Information worthy of a more formal presentation will appear elsewhere than this "Scratch" area. - ksb


Linux Cluster Notes

The following are my Linux cluster notes gathered while taking over ownership of a small (6 node) cluster running RedHat ES 4. The structure is that there is one gateway or access node and 5 nodes behind that.
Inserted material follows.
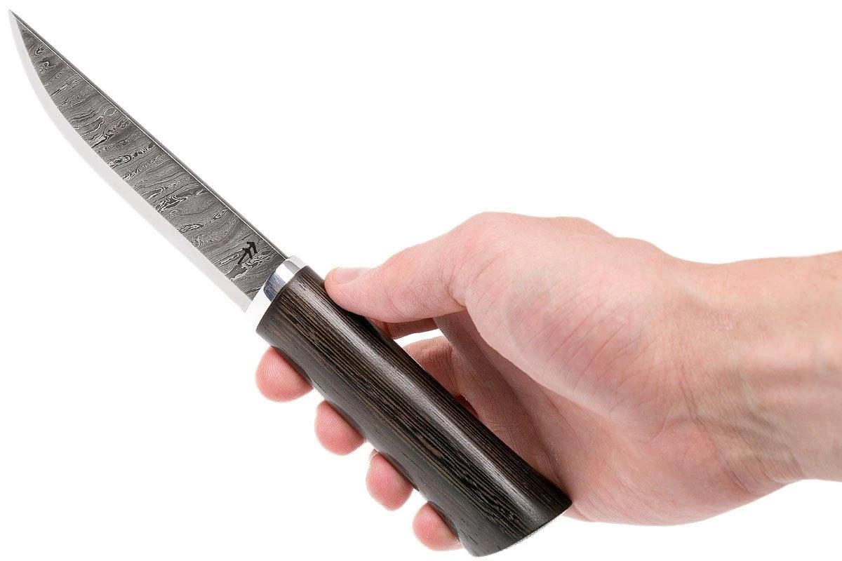 Le Autine Damascus Bushcrafter est un superbe couteau de bushcraft fabriqué à la main en Lettonie. Vraiment cool et aussi très agréable à utiliser. La pièce maîtresse de toute collection de couteaux.
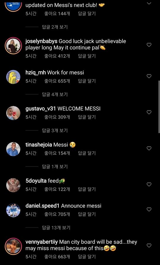 [메시 재계약 불발로 인한 대부분 팀들 인스타 댓글 상황ㅋㅋㅋ]

Table of Contents References
  1. Networking (Multi-homed)
  2. up2date
  3. DNS, bind, named, chroot
  4. NTP Network Time Protocol
  5. ssh
  6. sudo
  7. services
  8. locate / updatedb
  • None yet...

Networking (Multi-homed)

Each of the nodes have 2 network interfaces. The only one that really needs it is the access node, but the rest had them already, so I'm using them. On each, one interface is for the internal 10.X.X.X network and the other is the external interface to the Internet. For all but the access node I leave the external interface down. Here are what the 3 relevent files look like on each internal node

$ cat /etc/sysconfig/network
NETWORKING=yes
HOSTNAME=clust-control
NOZEROCONF=yes # No need for a 169.254.0.0/16 route

$ cat /etc/sysconfig/network-scripts/ifcfg-eth0 
DEVICE=eth0
BOOTPROTO=static
BROADCAST=10.1.255.255
HWADDR=00:12:79:D6:92:41
IPADDR=10.1.2.12
NETMASK=255.255.0.0
NETWORK=10.1.0.0
GATEWAY=10.1.2.10
ONBOOT=yes
TYPE=Ethernet

$ cat /etc/sysconfig/network-scripts/ifcfg-eth1
DEVICE=eth1
BOOTPROTO=static
BROADCAST=131.243.2.255
HWADDR=00:12:79:D6:92:40
IPADDR=131.243.2.107
NETMASK=255.255.255.0
NETWORK=131.243.2.0
GATEWAY=131.243.2.1
ONBOOT=no
TYPE=Ethernet
The access node looks slightly different in that both interfaces have ONBOOT=yes and there is only one GATEWAY=131.243.2.1 setting in /etc/sysconfig/network and none in the ifcfg-eth? files.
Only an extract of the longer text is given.